Server responses no longer include session IDs:
message StreamStart {
string agent = 1; // no session field
}
Guest turns
The guest field on StreamMsg enables multi-agent conversations. When set,
the daemon runs the guest agent against the primary agent’s conversation
history — text-only, no tool dispatch.
Flow:
- Client sends
StreamMsg { agent: "twin", content: "question", guest: "crab" } - Daemon finds twin’s conversation
- Adds user message to twin’s history
- Injects guest framing (auto-injected system message)
- Runs crab against twin’s history with crab’s system prompt (no tools)
- Tags response with
agent: "crab" - Appends to twin’s history
The guest’s response appears as a first-class message in the conversation, attributed to the guest. No delegation, no tool results, no paraphrasing.
Bidirectional framing
Both guest and primary need context about multi-agent conversation:
- Guest framing (injected when a guest runs): “You are joining a
conversation as a guest. Messages wrapped in
<from agent="...">tags are from other agents.” - Primary framing (injected when the primary runs and guest messages exist
in history): “Messages wrapped in
<from agent="...">tags are from guest agents. Continue responding as yourself.”

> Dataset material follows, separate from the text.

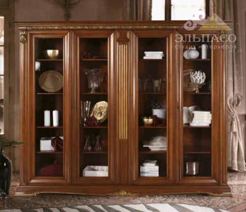 Шикарная витрина с четырьмя распашными дверцами. Модель изготовлена из натурального дерева. Поверхности полированные, в отделке вишня, покрыты состаренным лаком. Применена ручная резьба элементов фасада, покрытая золотой фольгой. Передние двери выполнены из стекла в деревянной раме.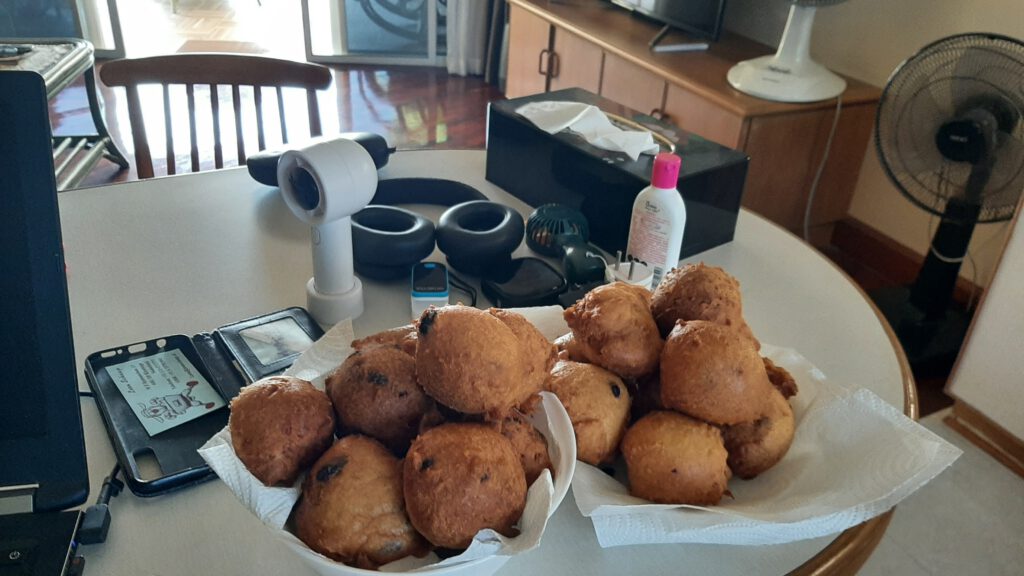 Het ging weer op rolletjes en ik hoor Ron de nu helaas overleden Amerikaanse vriend nog steeds roepen: The best oliebollie from Jeannette.

Both are auto_injected — stripped before each run, re-injected fresh. Zero
accumulation.
Message attribution
The Message struct gains an agent field:
#![allow(unused)]
fn main() {
#[serde(default, skip_serializing_if = "String::is_empty")]
pub agent: String,
}
Empty = the conversation’s primary agent. Non-empty = a guest. When building
LLM requests, assistant messages with non-empty agent are prefixed with
<from agent="..."> XML tags so every agent can distinguish speakers.

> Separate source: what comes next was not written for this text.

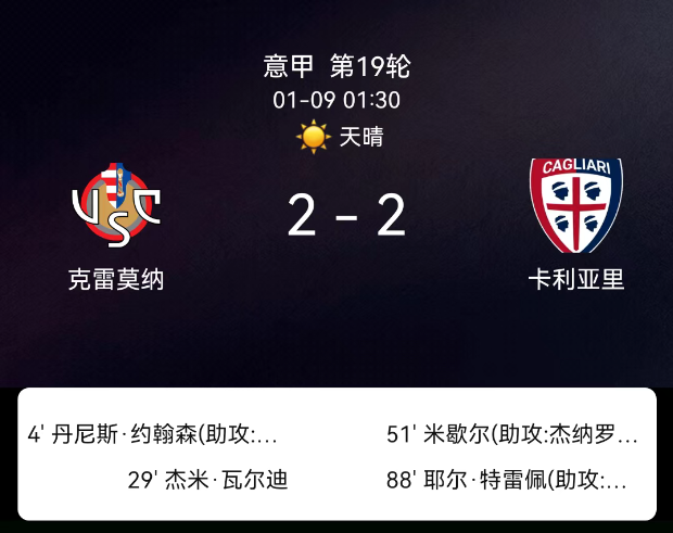 北京时间1月9日03:45,2025-2026赛季意大利足球甲级联赛第19轮,克雷莫内塞主场对阵卡利亚里。第4分钟约翰森破门,1-0;第29分钟瓦尔迪破门,2-0;第51分钟阿多波破门,2-1;第88分钟特雷皮破门,2-2;克雷莫内塞1黄、卡利亚里1黄,无红牌。最终比分,克雷莫内塞2-2卡利亚里。

Message::with_agent_tag() handles the prefixing — one function, used by
both build_request and guest_stream_to.
Compaction as memory
Compaction markers become archive boundaries. Each compact marker stores a title (first sentence of the summary, max 60 chars) and a timestamp:
{"compact":"Summary of pricing discussion...","title":"Pricing analysis for solo dev tools.","archived_at":"2026-04-03T10:00:00Z"}
The conversation is continuous — compaction doesn’t create a new conversation,
it archives a segment of the existing one. Archived segments are browsable
via Conversation::load_archives() and available to the recall tool as
long-term memory.
Crab's memory:
├── [active] Current conversation
├── "Pricing analysis for solo dev tools." — 2 days ago
├── "Auth module refactor plan." — 5 days ago
└── "HN competitor signal analysis." — last week
What dies
- Session IDs in the protocol — replaced by (agent, sender)

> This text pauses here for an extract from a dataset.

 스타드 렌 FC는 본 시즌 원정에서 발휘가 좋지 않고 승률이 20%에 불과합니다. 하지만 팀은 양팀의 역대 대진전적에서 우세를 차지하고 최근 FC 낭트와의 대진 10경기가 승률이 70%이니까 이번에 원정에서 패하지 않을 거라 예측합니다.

new_chat— the conversation is continuous, compaction handles the windowresume_file— one conversation per (agent, user), always active- Client-side @mention logic (0078) — guest turns handle it daemon-side
- Session forking — agents are the abstraction, not sessions
Supersedes
0064 - Session
The session model is replaced by conversations. The JSONL file format is
preserved (backward compatible with added title and archived_at fields on
compact markers, and agent field on messages). The Session struct is renamed
to Conversation. Session IDs are removed from the protocol.
0078 - Compact Session
The compact-then-handoff pattern for @mentions is replaced by guest turns. The daemon handles multi-agent conversation natively — no client-side compact logic needed.
Updates
0018 - Protocol
Session-addressed messages are replaced with (agent, sender) addressing.
StreamMsg and SendMsg gain a guest field. SessionInfo becomes
ActiveConversationInfo. See protocol changes section above.
0038 - Memory
Compaction archives become the primary long-term memory mechanism. The recall tool searches across archived segments. See #101 (revised) for the pluggable memory provider aligned with this model.